Artist’s concept of the completed Orion spacecraft. Image: NASA.

Rep. Mary Kaptur (D-Ohio) thanked NASA’s European partners at an event marking the arrival of the test ESM. “To be united with our European allies in this great quest is truly a remarkable and important undertaking.”

Kaptur highlighted that compared to previous testing done at the Space Power Facility, the ESM tests will be “geometrically greater than anything that’s been tested here before. Maybe 20 times, maybe more.”

Jim Free, the director of the Glenn Research Center, agreed with Kaptur on the importance of the international cooperation.

“We’re building on international partnership, built by the ISS [International Space Station] that’s flying today.

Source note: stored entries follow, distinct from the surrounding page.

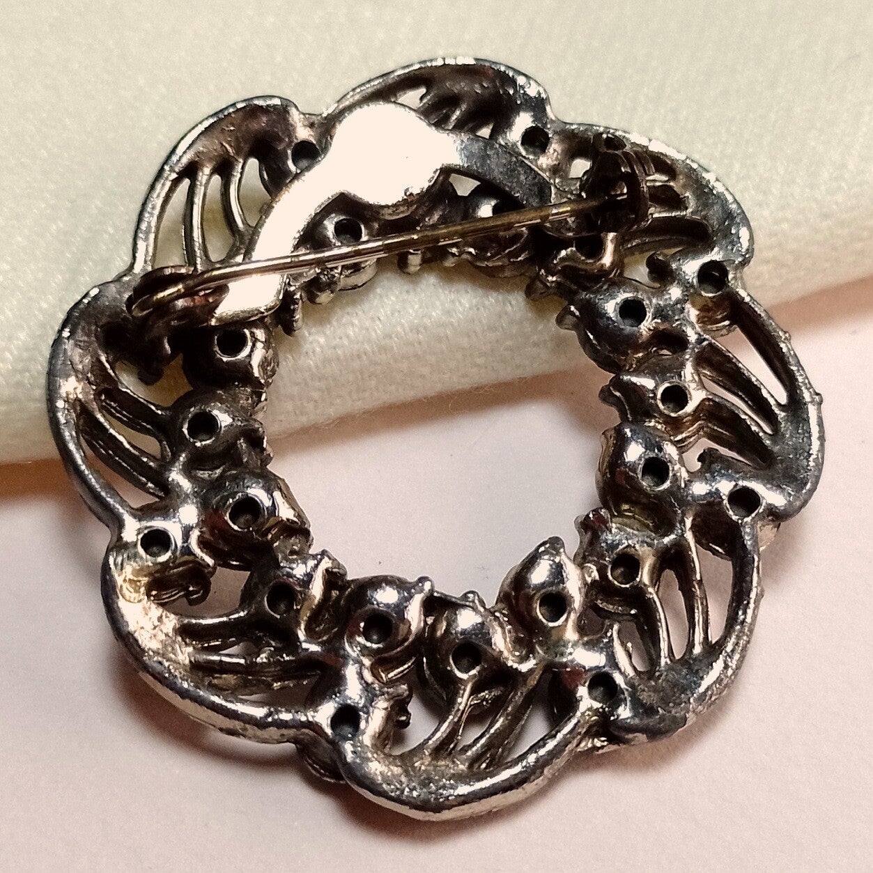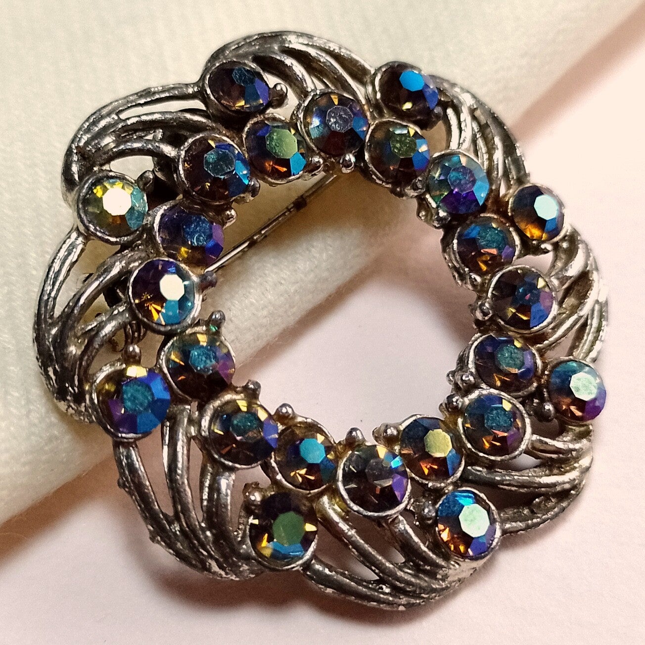Vintage broche in ontwerp van een krans bezet met blauwe aurora borealis strass uit de jaren '50-'60.
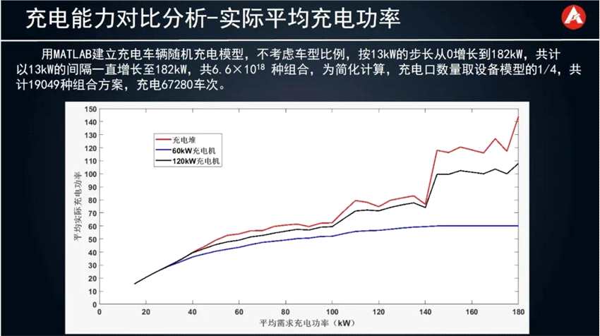 與傳統(tǒng)的充電設(shè)備相比,充電堆的最大優(yōu)勢在于利用率。我們通過MATLAB建立了一個(gè)仿真模型,在相同的裝機(jī)功率、車位數(shù)量、配電容量等條件下,通過改變同時(shí)充電的車輛數(shù)量和不同車輛的實(shí)際需求功率,來進(jìn)行對比分析。如果實(shí)際需求功率按13kW的步長從0增長到182kW,16個(gè)充電車位的實(shí)際需求功率組合情況將高達(dá)6.6×1018種,為了進(jìn)一步簡化計(jì)算,將充電車位數(shù)量縮減為4個(gè),實(shí)際需求功率組合數(shù)量將縮減為19049種,充電67280車次。仿真的結(jié)果如下面的曲線所示。
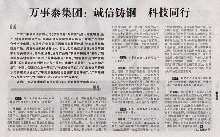 劉炳耀:萬事泰在2014年打造了一個自己的高端餐具品牌“Momscook慕廚”,2015年收購了百年德國刀具品牌“othello歐德羅”組成品牌陣營,由出口外貿帶動內銷,借勢互聯網進行國內線上線下銷售,拓展國內市場。現在在珠江新城的馬會家居有自己的旗艦店,目前也在發展各個高檔社區的社區店。萬事泰現在主打的是一種智能餐廚具和品牌,作為國內市場的試水點。我覺得一個企業能讓消費者熟悉,最主要的就是品牌,所以你想推進誠信經營工作,就要讓老百姓成為你的忠實客戶,我們保證品質,做到誠信經營,不能讓人覺得這家公司的鋼是不靠譜、不安全的。所以我們做了很多線上線下的活動,也做了很多體驗,并對產品進行評測,全方位對產品進行監督檢測。
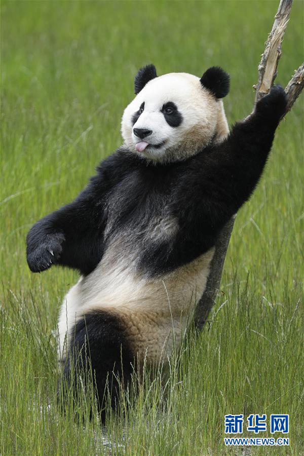 在位于四川省阿壩藏族羌族自治州的九寨溝大熊貓園,大熊貓“海?!痹诖驖L(6月19日攝)。新華社記者沈伯韓攝
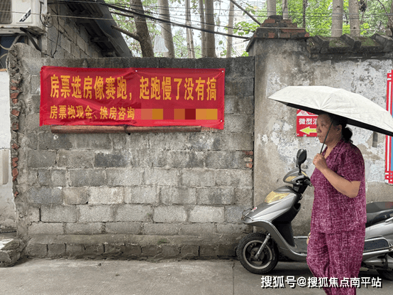 柳北区河北新村,市民路过一幅房票标语。今报记者颜篁摄
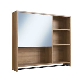 O charme e o bom gosto para renovar o seu banheiro estão ao seu alcance, ou melhor seu banheiro mais elegante e diferenciado com a nova coleção da Placa & Ponto! Essa linda espelheira com 4 nichos, suporte para toalhas, uma ótima portas com espelho, prateleiras internas para acomodar todos os seus pertences e com cores modernas traz todo o requinte que o seu banheiro precisa. Renove agora mesmo o seu banheiro com a coleção da Placa & Ponto! Acabamento da Porta: Finish Foil Acabamento da Prateleira: Finish Foil Altura do Espelho: 40 cm Ambiente Principal: Banheiro Complexidade da Montagem: Média: pode ser montado por mais de uma pessoa e/ou necessite de maior conhecimento para montagem Composição: MDP Cor: Preto/Mel Cor do Produto: Preto/Mel Cor Flex: Não Cor Interna: Marrom Escala de Brilho: Fosco Espessura do Espelho: 3 mm Espessura do Material da Estrutura: 15 mm Fita Integrada: Não Formato do Espelho: Retangular Formato Espelheira: Retangular Itens Inclusos: 1 armário espelheira e manual de montagem Largura do Espelho: 46 cm Linha ou Coleção: Banheiro Manual de Montagem e Instalação: https://product-hub-prd.madeiramadeira.com.br/958138/documents/92e6ff5e-cf75-48ab-a529-9a8d18c1171a2446972522517286622111429.pdf Marca: Placa e Ponto Material da Porta: MDP Material da Prateleira: MDP Material Principal: MDP Montagem Flex: Não Necessita Montagem: Sim Origem do Produto: Nacional Peso: 16 kg Peso Máximo por Prateleira: 5 kg Possui Espelho: 01 Possui iluminação: Não Possui Portas: 01 Possui Prateleiras: 03 Possui Toalheiro: Sim Possui Tomadas: Não Recomendações de Uso, Manutenção e Limpeza: Para a limpeza do móvel utilizar uma flanela seca. Sistema de Montagem: Parafusos e cavilhas Tipo de Dobradiça/Corrediça da Porta: Metálica Tipo de Fixação do Espelho: Fita Dupla Face Tipo de Porta: Bater Tipo de Puxador da Porta: Não Possui
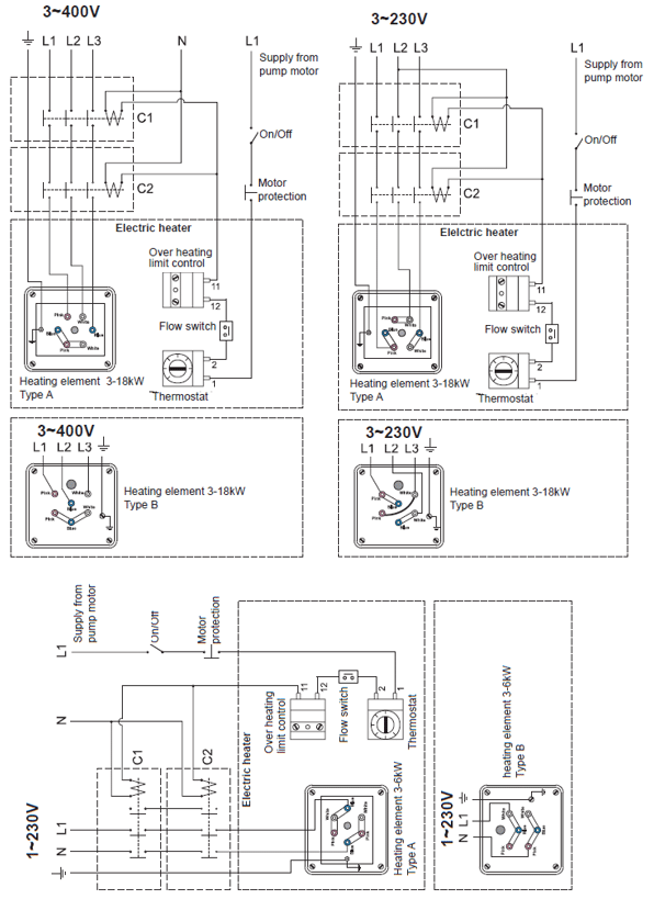 Dépend de la tension et des phases, il est fortement recommandé de consulter un électricien si l’on n’a pas d’expérience dans le domaine (les schémas de câblage correspondants sont joints en bas) |
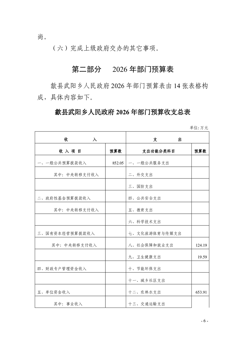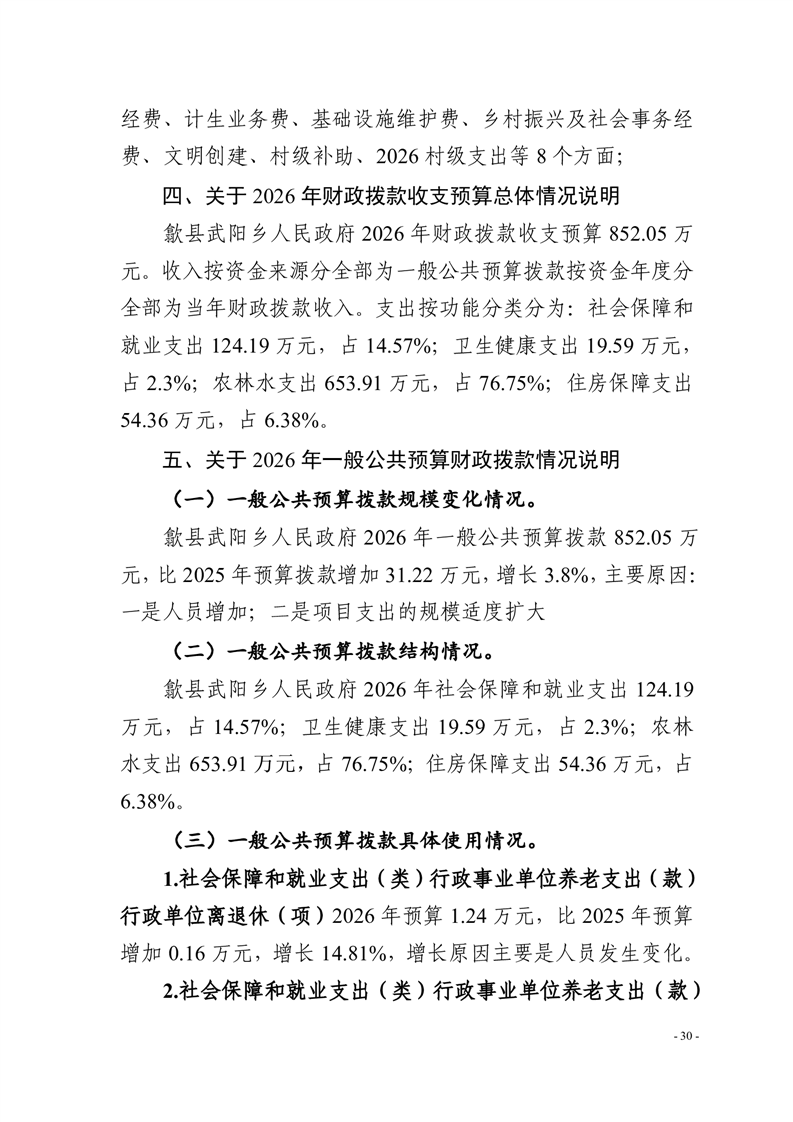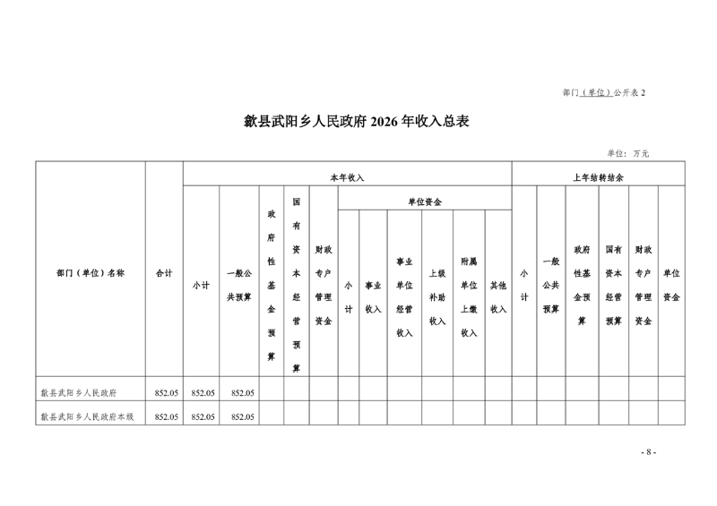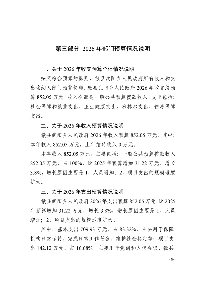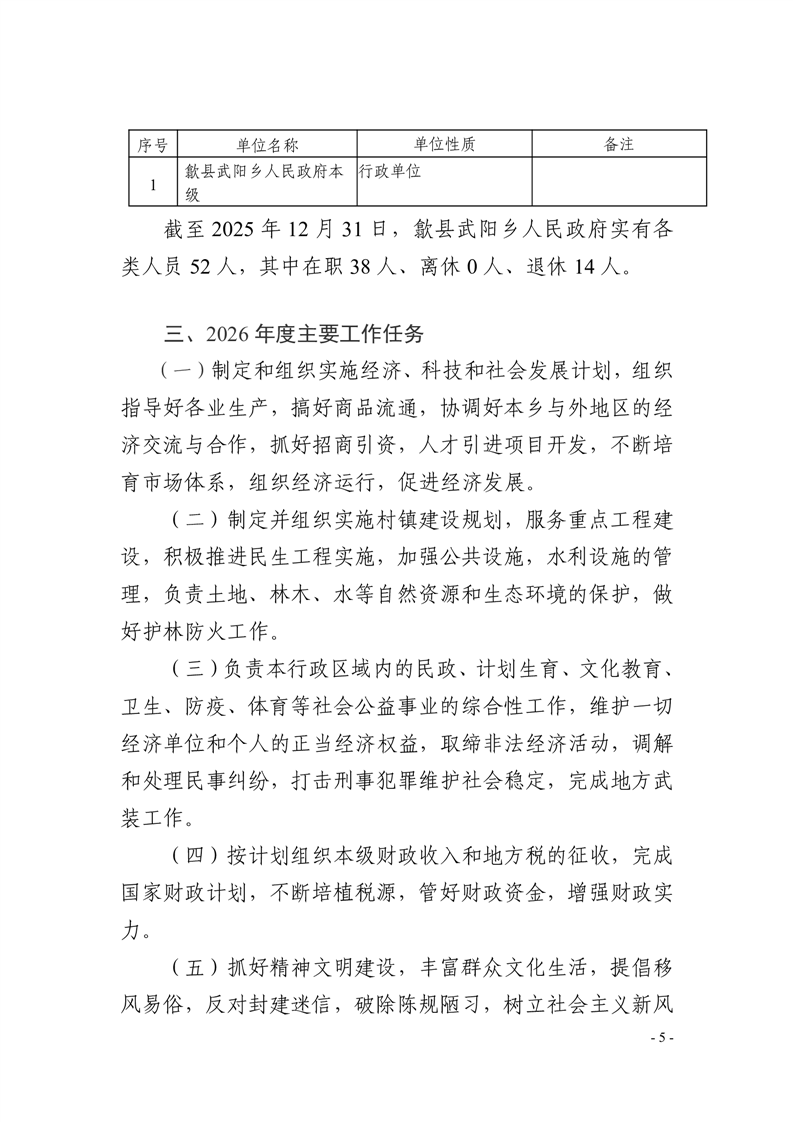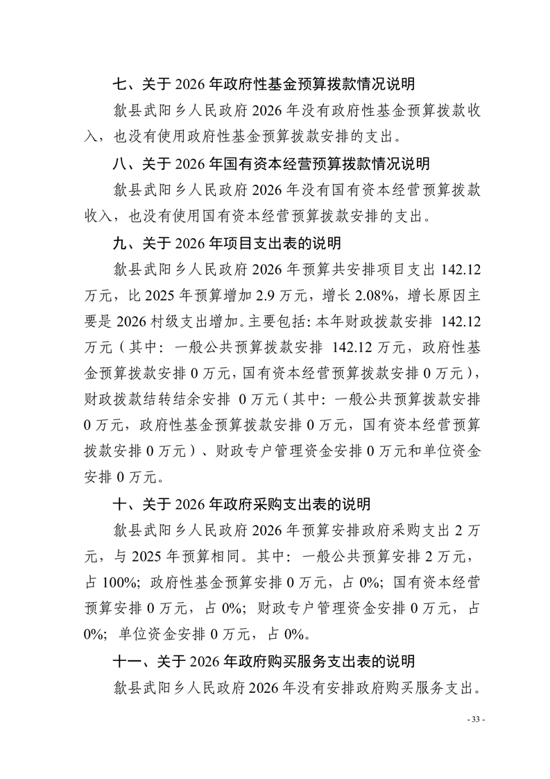 歙县武阳乡人民政府2026年部门预算

That’s where we come form and the strength that we rely on to fulfill our goal in developing the testing for this vehicle,” Free said at the event.

“That testing is going to identify any risks that we haven’t gone through, any design problems, any potential failures right here in a control environment on the ground. And that’s the best place to find those issues, is before we’re in flight,” Free added.

In September NASA said the Orion space vehicle would fly with humans no later than April 2023 (Defense Daily, Sept. 16).

The prime contractor for Orion is Lockheed Martin [LMT], which is also producing the protective fairings for the ESM. The SLS is being developed by Boeing [BA].